We recently had a company meeting in a very pleasant Thai restaurant. In addition to discussing purely work matters and enjoying great food, my colleagues and I also thought about how to “revive” our blog The Beehive a little.
What – teeth, teeth? No way – bees, bees!
Until now, we regularly publish articles on internet marketing alm st exclusively (if not entirely) on it, and lately especially on content marketing . But why not include an article about something a south africa whatsapp number data little different from time to time? Already at that time, almost everyone had their own plush bee Mája or Vilík, which you can see from time to time on our Facebook profile .
What steps should we take if we come across an aggr where he notes all his achievements essive bee colony ? Especially as long and as fast as possible!

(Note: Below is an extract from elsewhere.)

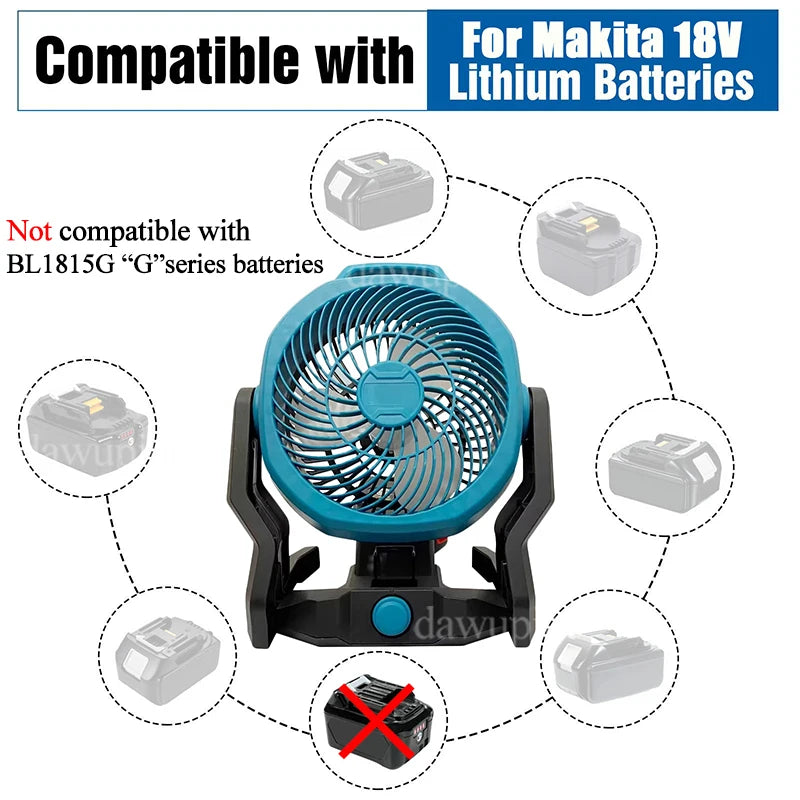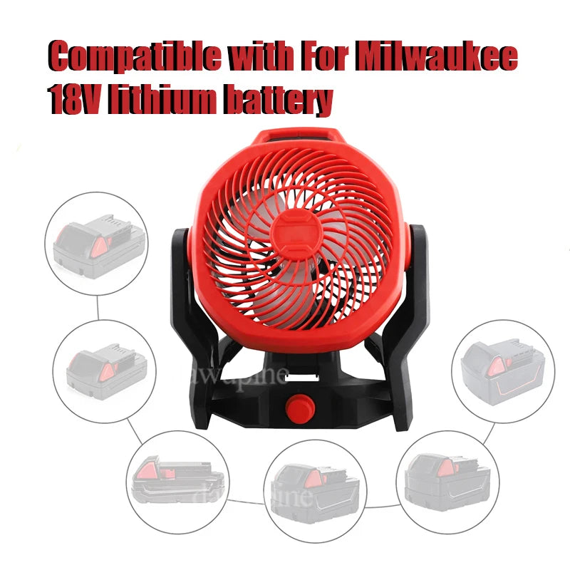 Outdoor Camping Electric Fan Desktop Floor Fan for Makita BL1830 for Milwaukee for M18 for Dewalt DCB200 18V 20V Lithium Battery

However, one of us also suggested that evening that we could one day publish a light topic here in the for powder data m of bee jokes. Have you ever heard such a joke about bees? We haven’t yet, so we were curious to see if we could find any. They found. So let’s list some. We hope you have as much fun as we did.
And now for the jokes
And what do your neighbors say about the fact that you bought twenty-four bees? What neighbors…?

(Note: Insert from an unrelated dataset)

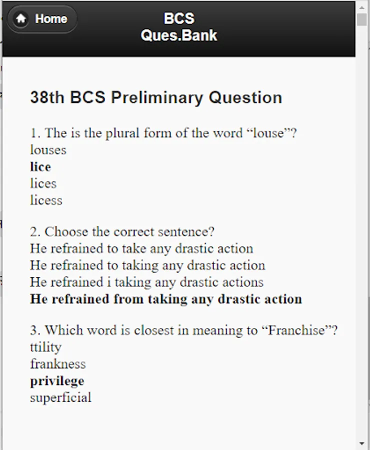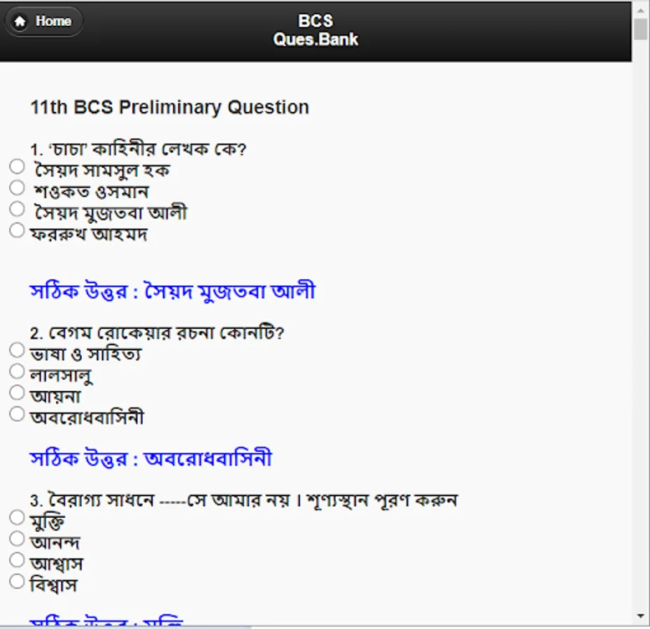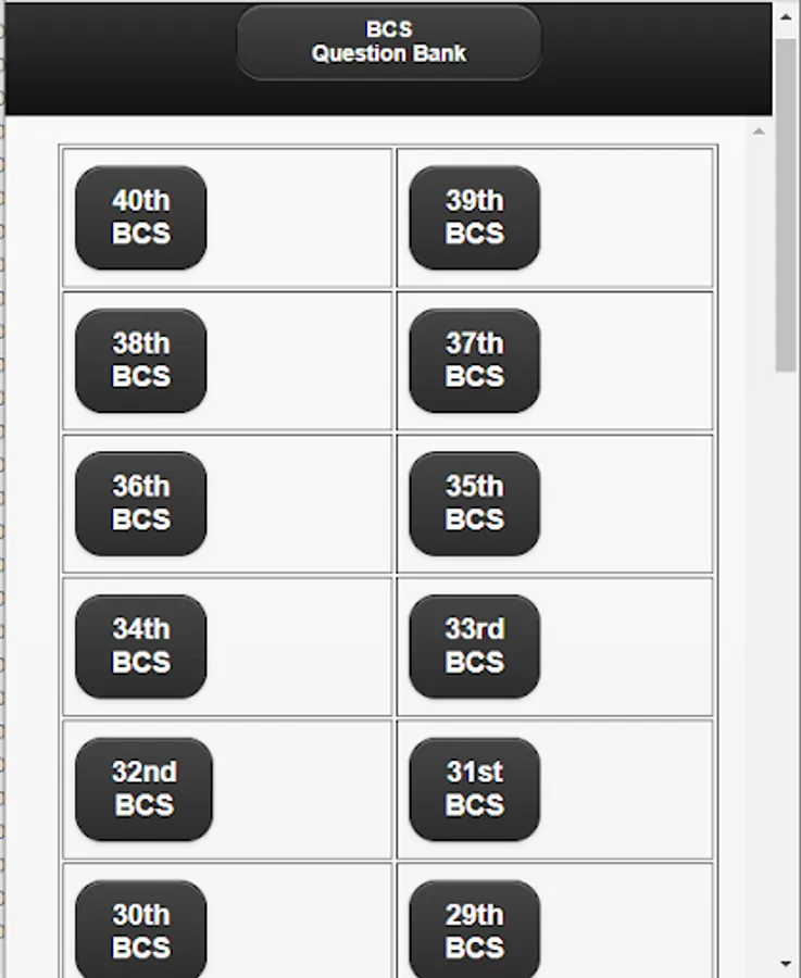 BCS is the largest public examination conducted by Bangladesh Public Service Commission to recruit people to Bangladesh Government Civil Services. This test examines lots of qualifications. The candidates have to know many things to overcome this exam. Before starting the preparation for this exam one has to know the question pattern of this exam. There is no alternative of previous question papers for getting the idea of questions pattern. I have prepared this app so that the candidates can get the idea of BCS questions pattern. The app is enriched with the BCS preliminary question papers from 10th to 40th exam. I hope it will help the reader very much for the BCS preparation.

What is the beekeeping paradox ? A beekeeper who claims to have caught all the flies with his beekeeping method.
A green, blossoming meadow, about twenty beehives, among them a beekeeper at work. Two tramps stand nearby and timidly ask: “Good man, can we cut our way through your meadow? We would catch the train to Prague at three o’clock!” “Of course, young man. And if I bang on those crates, you’ll be chasing the express train at half past three!”